Par jugement du 24 juillet 2020, le tribunal administratif de Grenoble a déchargé la société G.M.S. Industrie de la majoration de 80% appliquée sur l'ensemble du redressement et a rejeté le reste de la requête de la société G.M.S. Industrie. Cette décision a été notifiée le 28 juillet 2020 à la société, qui n'en a pas interjeté appel.
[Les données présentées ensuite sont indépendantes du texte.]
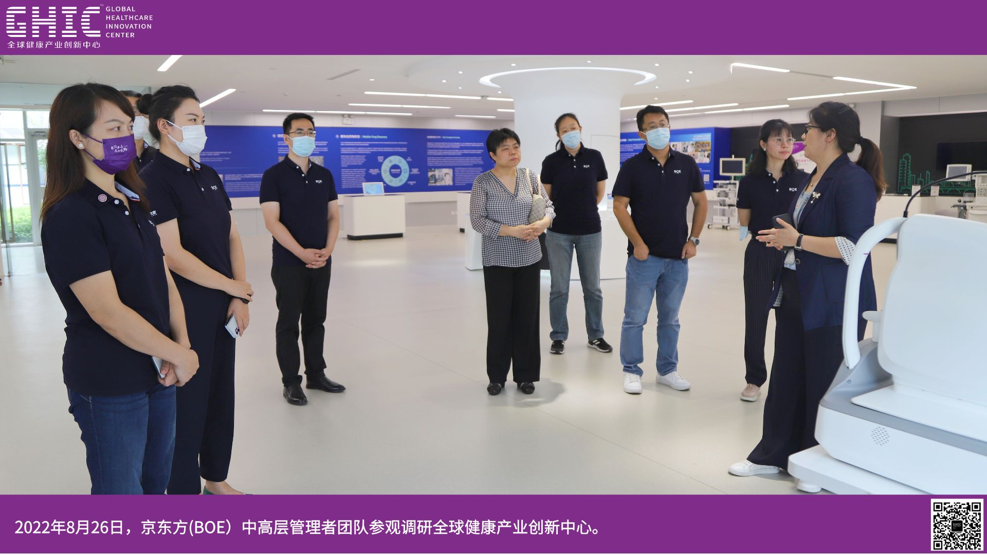 2022年8月26日,京東方(BOE)中高層管理者團(tuán)隊(duì)一行參觀調(diào)研全球健康產(chǎn)業(yè)創(chuàng)新中心。
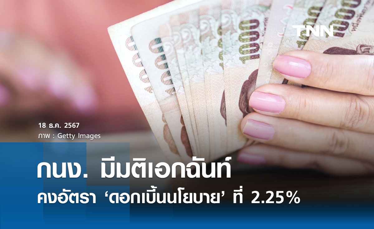 กนง. มีมติเอกฉันท์คงอัตรา "ดอกเบี้ยนโยบาย" ที่ 2.25%
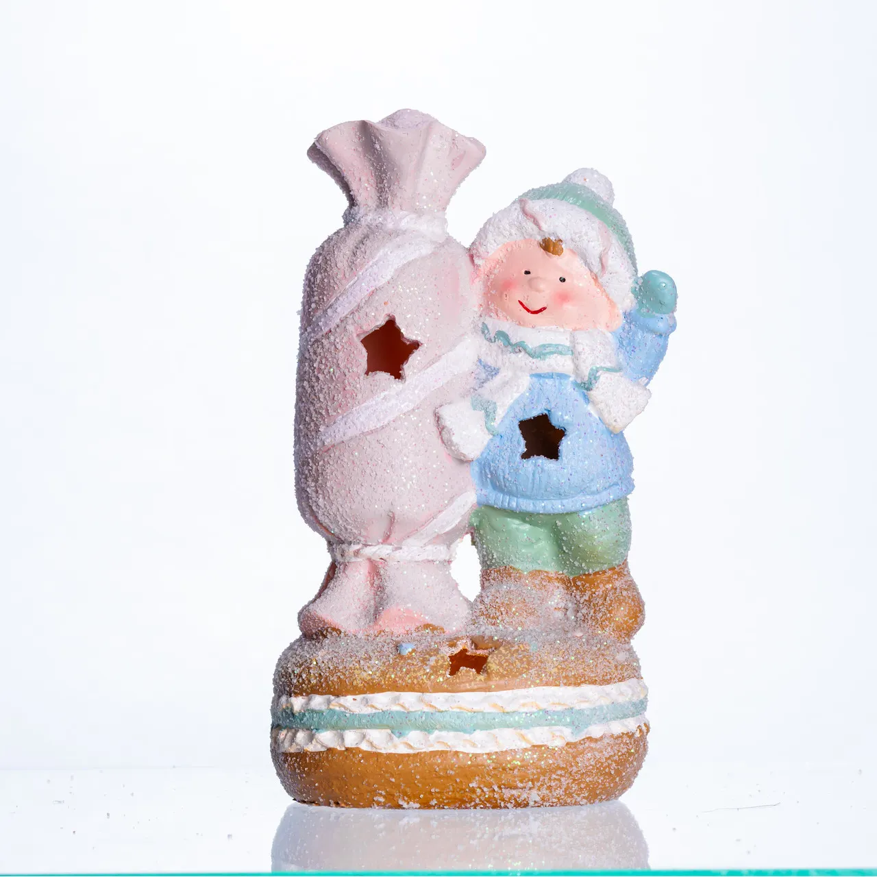 Деталі декору ретельно опрацьовані: одяг дитини виконаний у м’яких блакитних та зелених тонах, а м’ятна шапочка та коричневі чобітки додають образу живості. Велика цукерка прикрашена декоративними стрічками та вирізаними зірочками, крізь які пробивається м’яке світло LED-підсвітки. Крім того, вся поверхня фігурки покрита блискітками, що імітують м’який сніговий покрив, посилюючи святковий настрій.
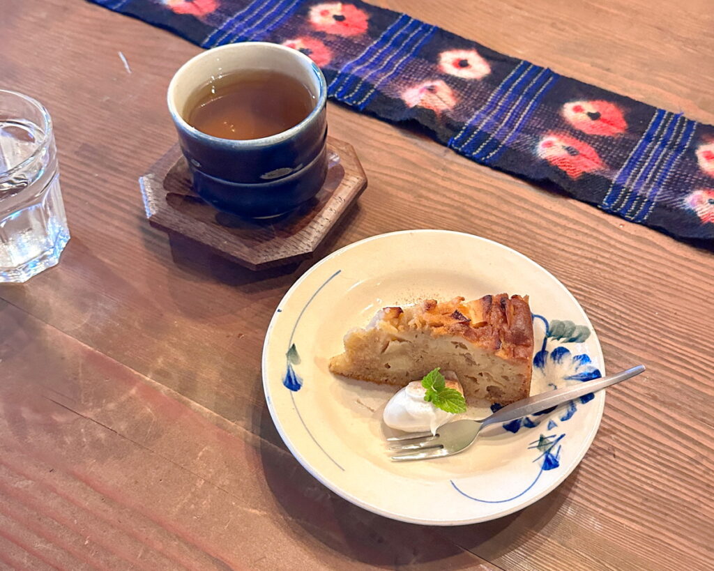 りんごのケーキと、宝仙茶(ほうせんちゃ)をいただきました。
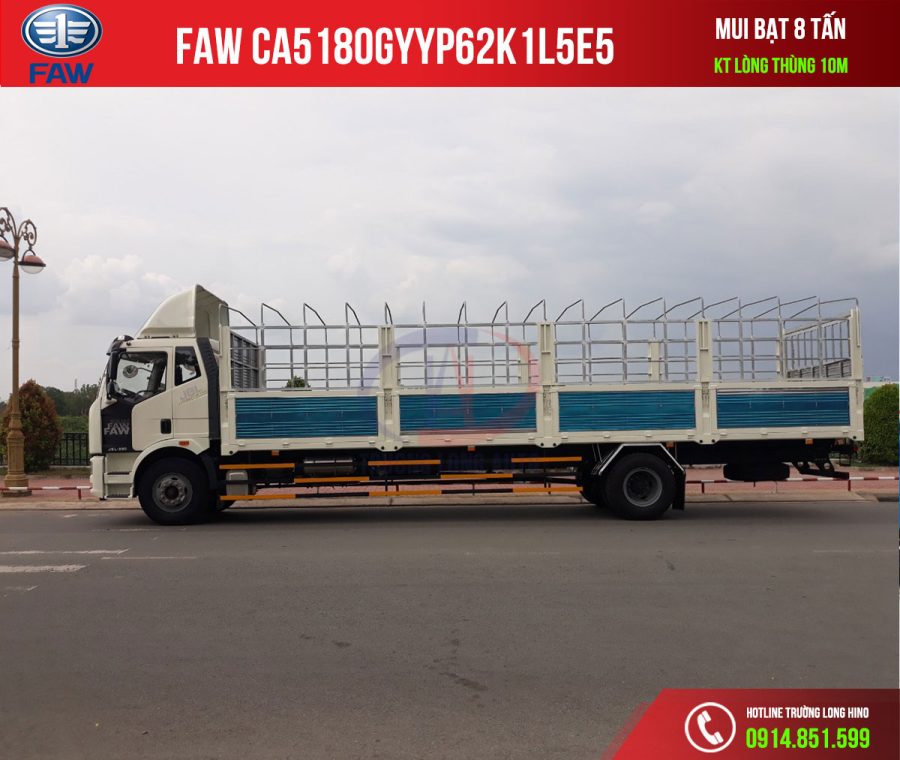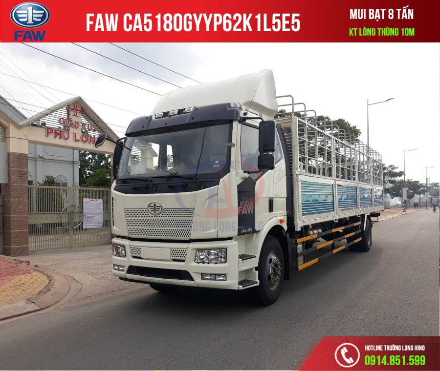 Xe Tải FAW CA5180GYYP62K1L5E5 thùng mui bạt 8 tấn Cabin sát xi được nhập khẩu nguyên chiếc từ Trung Quốc.đóng thùng mui bạt tiêu chuân theo nhu cầu khách hàng. thuận tiện cho việc sử dụng và lưu thông hàng hóa.
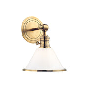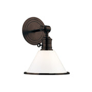 Utility and luxury merge in our Garden City family. Hand-rubbed finishes that continue inside the shade make these adjustable sconces very attractive in their all-metal versions. Metal-rimmed white glass shades allow more light diffusion in another, equally appealing option. The former enhances its function as a task light; the latter amplifies its accent potential. Machined details such as the rings on the cast-metal backplate and the turned socket holder give Garden City a vintage industrial feel. We wire Garden City with an on/off switch, making it ideal for a bedside reading lamp or as a replacement fixture in historic homes that lack a separate wall switch.
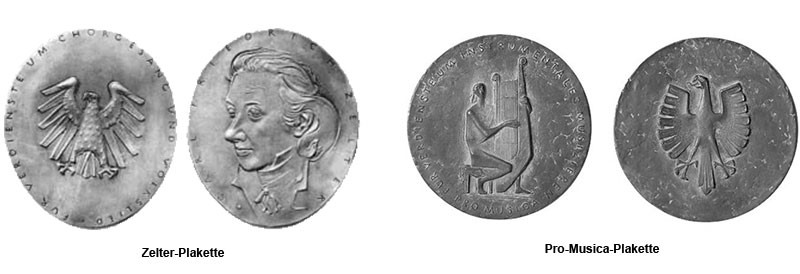 1965 beschloss der damalige Bundespräsident Theodor Heuss, Chorvereinigungen für ihre langjährige Pflege der Chormusik die Zelter-Plakette zu übergeben. 10 Jahre später stiftete er die Pro Musikca-Plakette für ebenso erfolgreiche Musikvereinigungen.

Par courrier du 4 mai 2021, la société Tebraica a vainement mis en demeure M. [Z] de lui payer la somme de 117 689 euros au titre de la garantie de passif, puis a, le 18 mai 2021,

sollicité de la société Banque De Savoie le paiement de la somme de 80 000 euros au titre de la garantie à première demande accordée par celle-ci. Le 14 juin 2021, cet établissement bancaire a effectué le règlement malgré l'opposition de M. [Z].

Par actes des 11 et 14 juin 2021, M. [Z], excipant du non-respect des modalités contractuelles permettant d'actionner sa garantie de passif, a fait assigner les sociétés Tebraica, Banque De Savoie et G.M.S. Industrie devant le tribunal de commerce de Chambéry afin notamment d'obtenir la condamnation de la première à lui payer la somme de 80 000 euros qui lui aurait été indûment versée.

De son côté, la société Tebraica a, suivant exploit du 29 juillet 2021, fait assigner M. [Z] devant le tribunal de commerce de Chambéry afin de le voir condamner à lui verser la somme de 117 689 euros au titre de la garantie de passif. Ces deux instances ont été jointes.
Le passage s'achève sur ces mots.